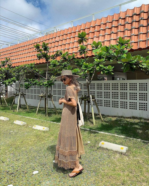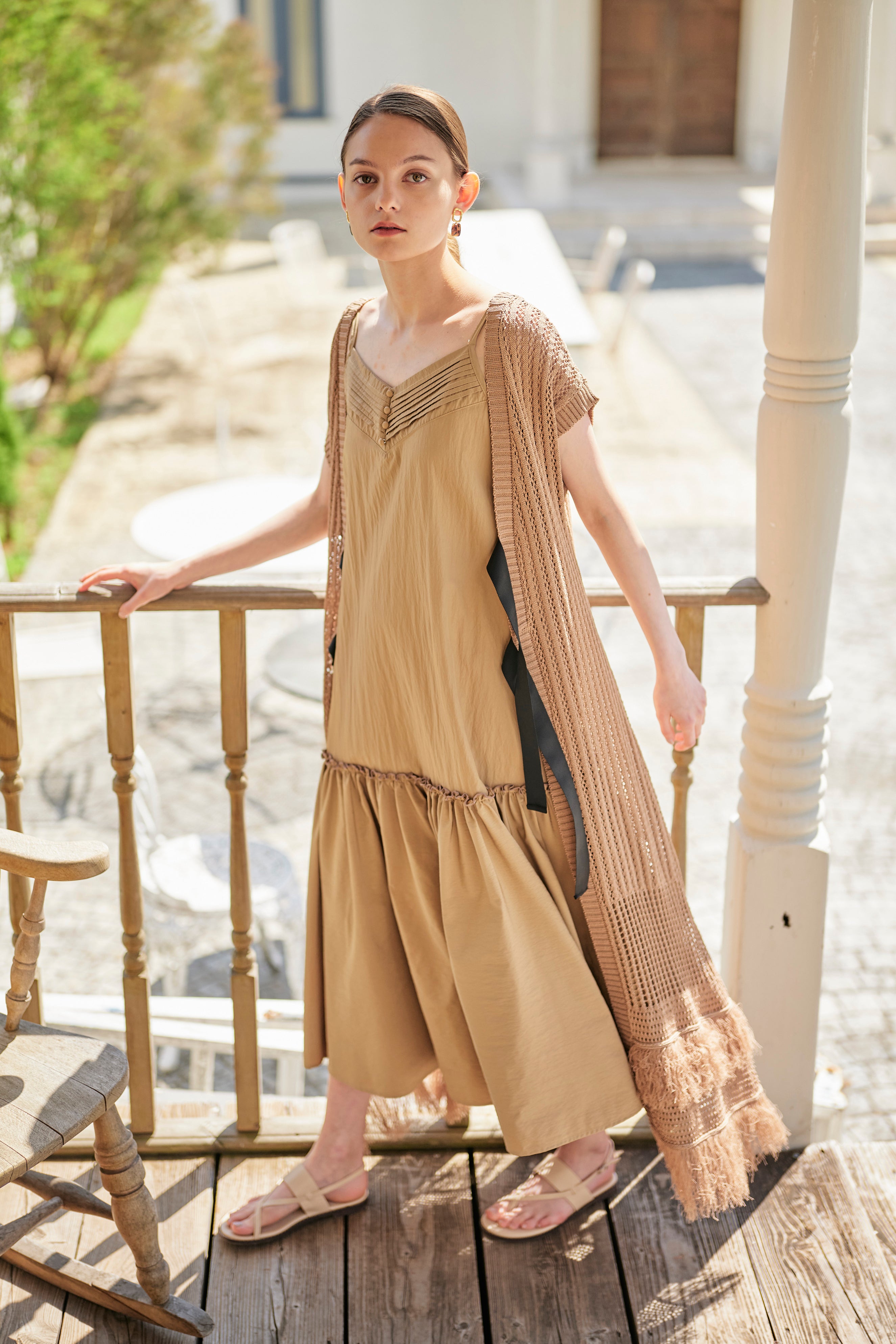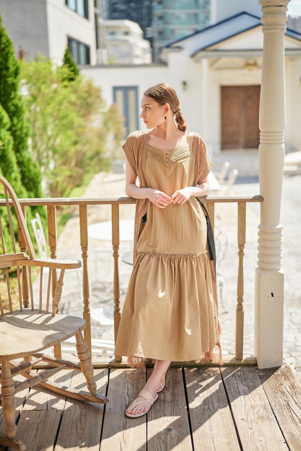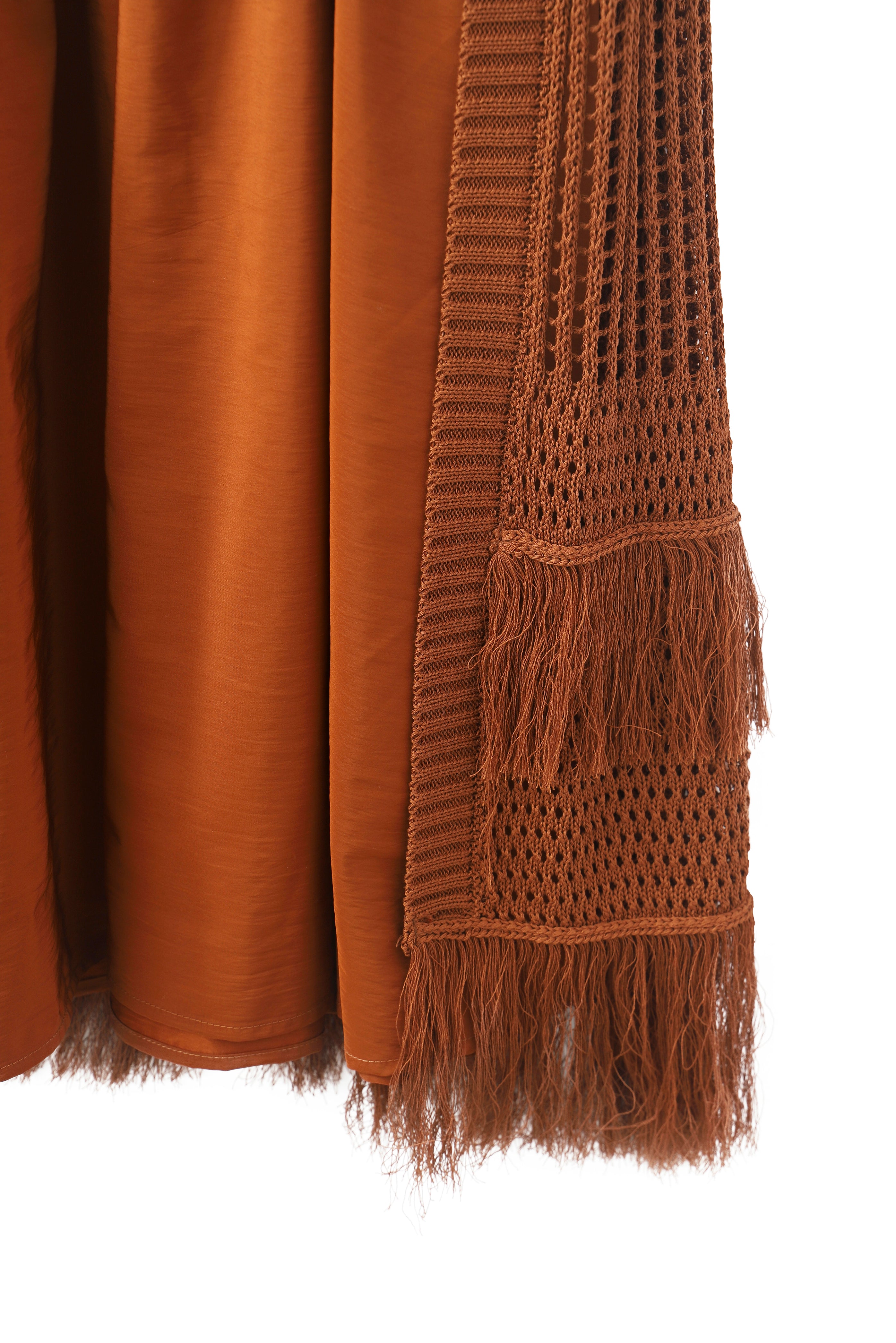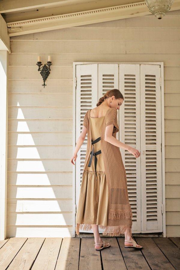 インナーワンピースがセットになった、かぎ針のロングカーディガン。
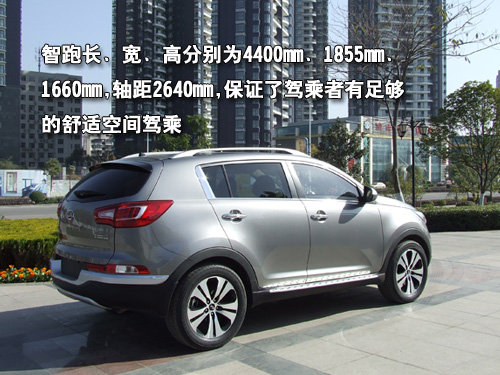 智跑长、宽、高分别为4400mm、1855mm、1660mm,轴距2640mm,保证了驾乘者有足够的舒适空间驾乘。
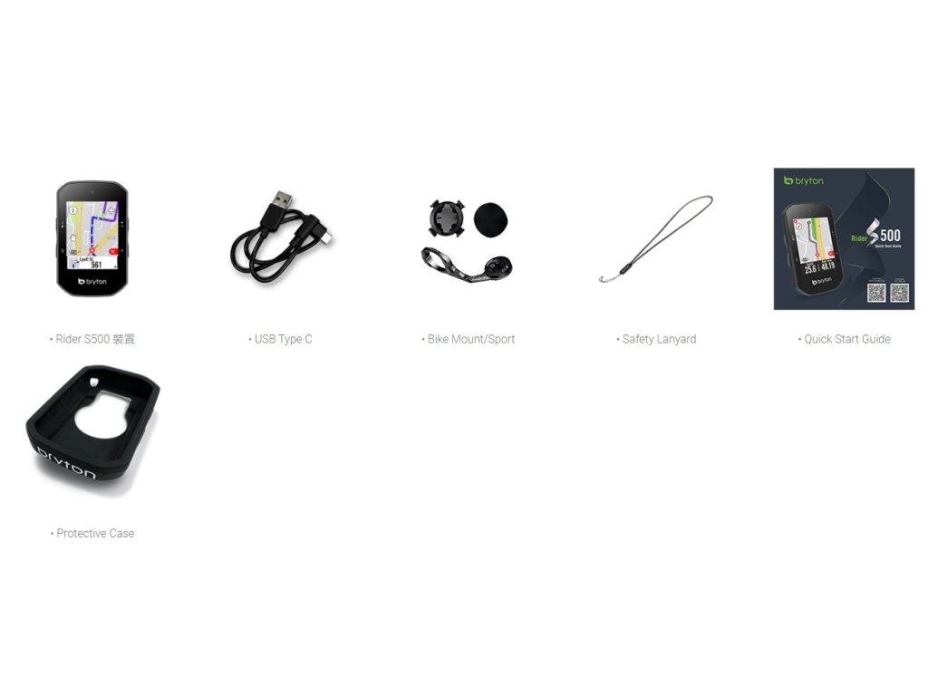 Obsah balení: Ride S500, návod, USB-C, BIKE MOUNT - držák pro Rider, SPORT MOUNT - držák pro Rider, bezpečností poutko

════════════════

## ASSIGNMENT:
Output the data exactly, pictures omitted.

## YOUR RESPONSE:
 インナーワンピースがセットになった、かぎ針のロングカーディガン。
 智跑长、宽、高分别为4400mm、1855mm、1660mm,轴距2640mm,保证了驾乘者有足够的舒适空间驾乘。
 Obsah balení: Ride S500, návod, USB-C, BIKE MOUNT - držák pro Rider, SPORT MOUNT - držák pro Rider, bezpečností poutko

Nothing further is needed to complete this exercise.